Trató de responder, pero solo pudo susurrar entre dientes:

—Madre…

—Se acabó. Sabes que conozco tu secreto. No te levantaras después de esto, pequeño—la voz viperina de Vlad era como un látigo. La luna estaba frente a él  y la silueta de la espada se recortaba frente a ella. La mente de Konnor estaba en blanco. Su mano aun sostenía la espada furiosamente. Entonces, un silbido cruzó el aire y un grito desgarrador espantó la bruma de sus pensamientos. Una flecha blanca asomaba en el pecho a través de la negra armadura de su verdugo.

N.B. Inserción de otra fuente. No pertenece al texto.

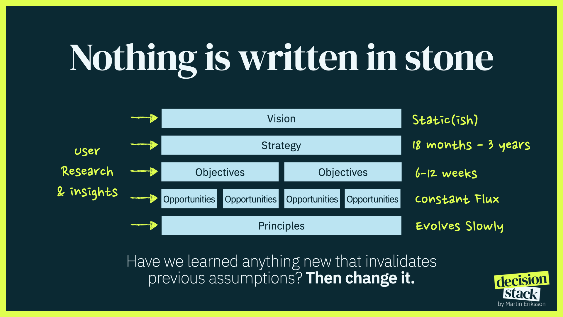 Maintain strategic clarity. As I've emphasised before, 95% of teams don't understand their company's strategy. AI acceleration makes this problem worse, not better. When your entire Decision Stack - from vision down to daily execution - isn't aligned, giving teams AI tools just amplifies the confusion at 10x speed. You need clarity at every level: vision, strategy, objectives, opportunities, and principles. If your team doesn't understand why you're building something, AI will only help them build the wrong thing faster.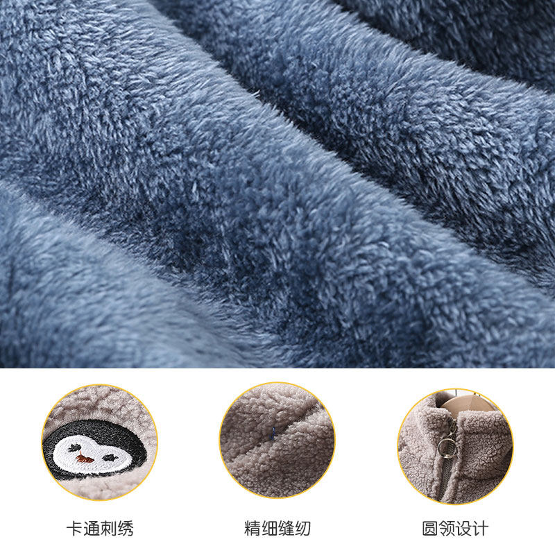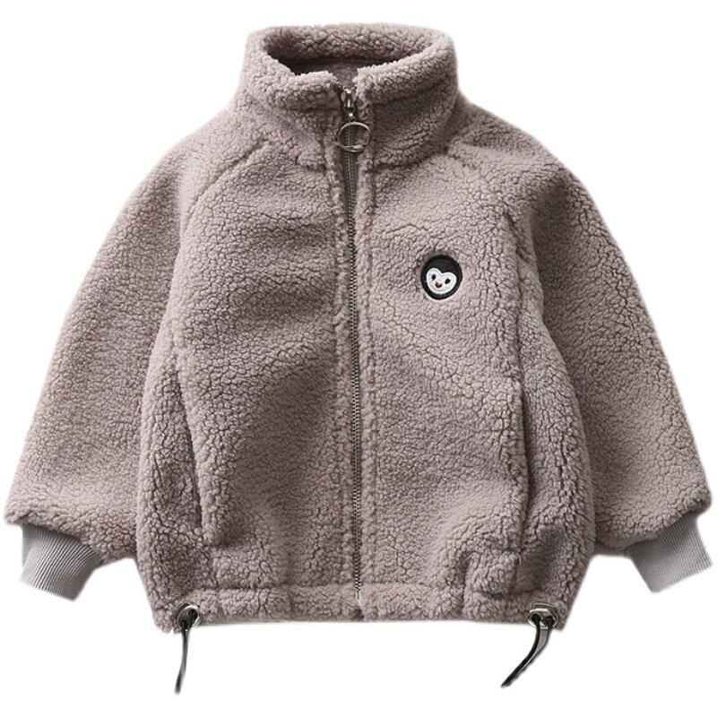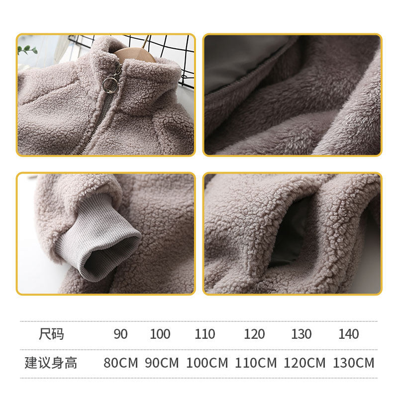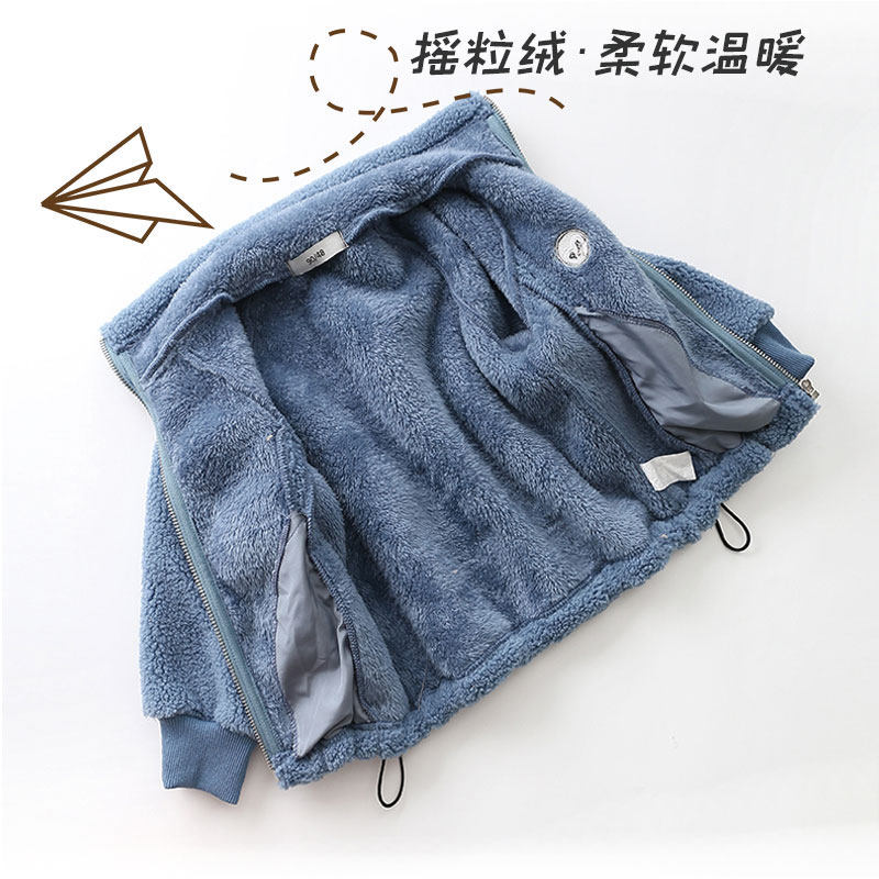 The boys' lamb fleece coat for school is thickened and linted with a collar pulled out cardigan to keep warm in autumn and winter

Y como si aun estuviera sumido en sus pensamientos, una voz pareció salir de algún lugar distante:

— ¡Ahora, levántate!

Se puso de pie y su espada instantáneamente cruzo el aire. El grito desgarrador cesó, el cuerpo negro cayó al suelo con la flecha aun en el pecho cual si fuera una flor de pétalos blancos. Entonces vino el dolor, como si mil agujas se le clavaran en el cuerpo, la espada que sostenía ardía como braza y rayos fluían entre ella y el cuerpo decapitado de Vlad.
  Konnor cayó de rodillas una vez más, pero esta vez abrumado por una nueva energía que lo estaba llenando. En el frenesí comenzó a ver: recuerdos, no eran suyos, sino de Vlad, su hermano. Se vio a él mismo a través de los ojos del otro, tiempos felices, las verdes colinas, los ojos de su madre y Alia, el recuerdo se quedo fijo en Alia, aquella joven de cabellos negros como el mar en la noche y piel pálida como la luna. Luego la oscuridad, el caos y su llameante mano: las sombras.

El dolor fue disminuyendo. Podía escuchar voces amigas que venían hacia él. La batalla había terminado. Habían recuperado la Primera Ciudad de los hombres mortales y él había cumplido la promesa hecha a su madre: el hijo perdido, su hermano, ahora descansaba en paz.